*Problem to solve*: Could you set down exactly the lines of the data below, starting at the one that holds "蓝星林氏家居加厚记忆棉床垫,采用独立弹簧" and ending at the one that holds "Продукты для приготовления", both included, and only those?

*Input data*:
---+---
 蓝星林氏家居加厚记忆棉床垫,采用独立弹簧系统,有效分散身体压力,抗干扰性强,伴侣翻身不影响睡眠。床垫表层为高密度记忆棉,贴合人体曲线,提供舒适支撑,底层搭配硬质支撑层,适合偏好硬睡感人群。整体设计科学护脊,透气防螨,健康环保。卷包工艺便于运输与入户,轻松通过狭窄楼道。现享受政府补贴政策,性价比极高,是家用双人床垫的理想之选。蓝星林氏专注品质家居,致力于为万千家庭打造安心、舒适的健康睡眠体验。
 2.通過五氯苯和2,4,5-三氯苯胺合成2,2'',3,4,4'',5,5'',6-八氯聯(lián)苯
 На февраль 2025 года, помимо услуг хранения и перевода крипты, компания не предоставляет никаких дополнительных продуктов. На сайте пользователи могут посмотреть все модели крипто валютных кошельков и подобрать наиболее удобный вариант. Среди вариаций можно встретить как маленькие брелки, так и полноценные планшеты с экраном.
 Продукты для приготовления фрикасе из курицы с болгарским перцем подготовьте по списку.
---+---
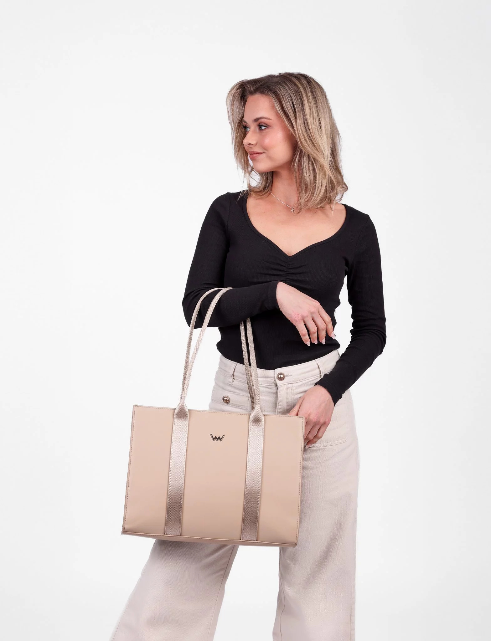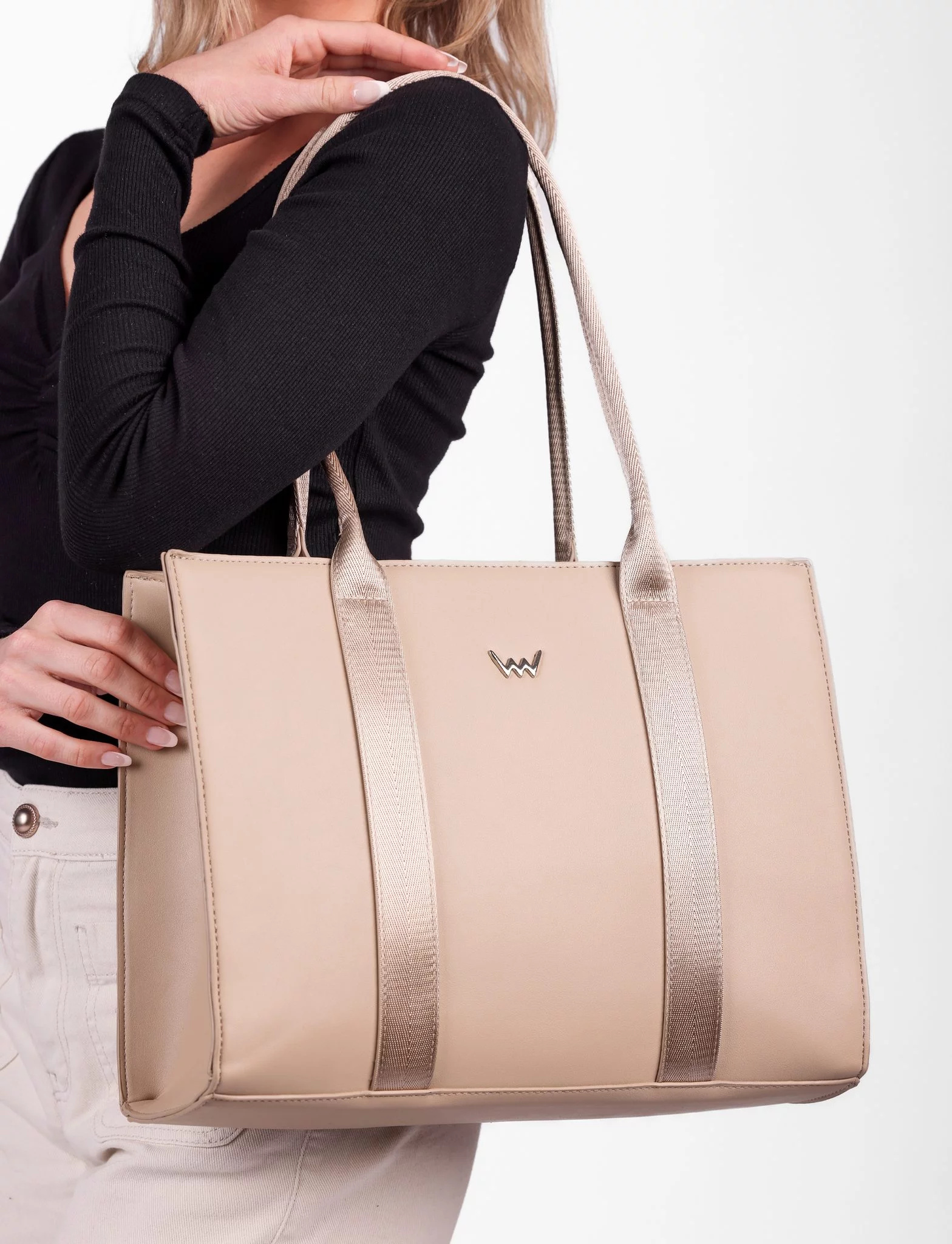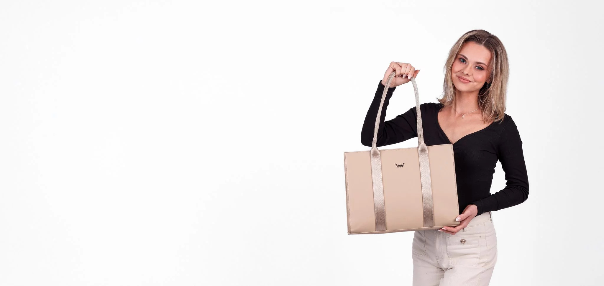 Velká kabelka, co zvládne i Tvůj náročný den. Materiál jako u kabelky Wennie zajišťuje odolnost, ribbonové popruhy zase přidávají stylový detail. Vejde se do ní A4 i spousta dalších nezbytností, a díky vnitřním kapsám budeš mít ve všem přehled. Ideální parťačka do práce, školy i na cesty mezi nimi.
---+---
*Task output*:
 蓝星林氏家居加厚记忆棉床垫,采用独立弹簧系统,有效分散身体压力,抗干扰性强,伴侣翻身不影响睡眠。床垫表层为高密度记忆棉,贴合人体曲线,提供舒适支撑,底层搭配硬质支撑层,适合偏好硬睡感人群。整体设计科学护脊,透气防螨,健康环保。卷包工艺便于运输与入户,轻松通过狭窄楼道。现享受政府补贴政策,性价比极高,是家用双人床垫的理想之选。蓝星林氏专注品质家居,致力于为万千家庭打造安心、舒适的健康睡眠体验。
 2.通過五氯苯和2,4,5-三氯苯胺合成2,2'',3,4,4'',5,5'',6-八氯聯(lián)苯
 На февраль 2025 года, помимо услуг хранения и перевода крипты, компания не предоставляет никаких дополнительных продуктов. На сайте пользователи могут посмотреть все модели крипто валютных кошельков и подобрать наиболее удобный вариант. Среди вариаций можно встретить как маленькие брелки, так и полноценные планшеты с экраном.
 Продукты для приготовления фрикасе из курицы с болгарским перцем подготовьте по списку.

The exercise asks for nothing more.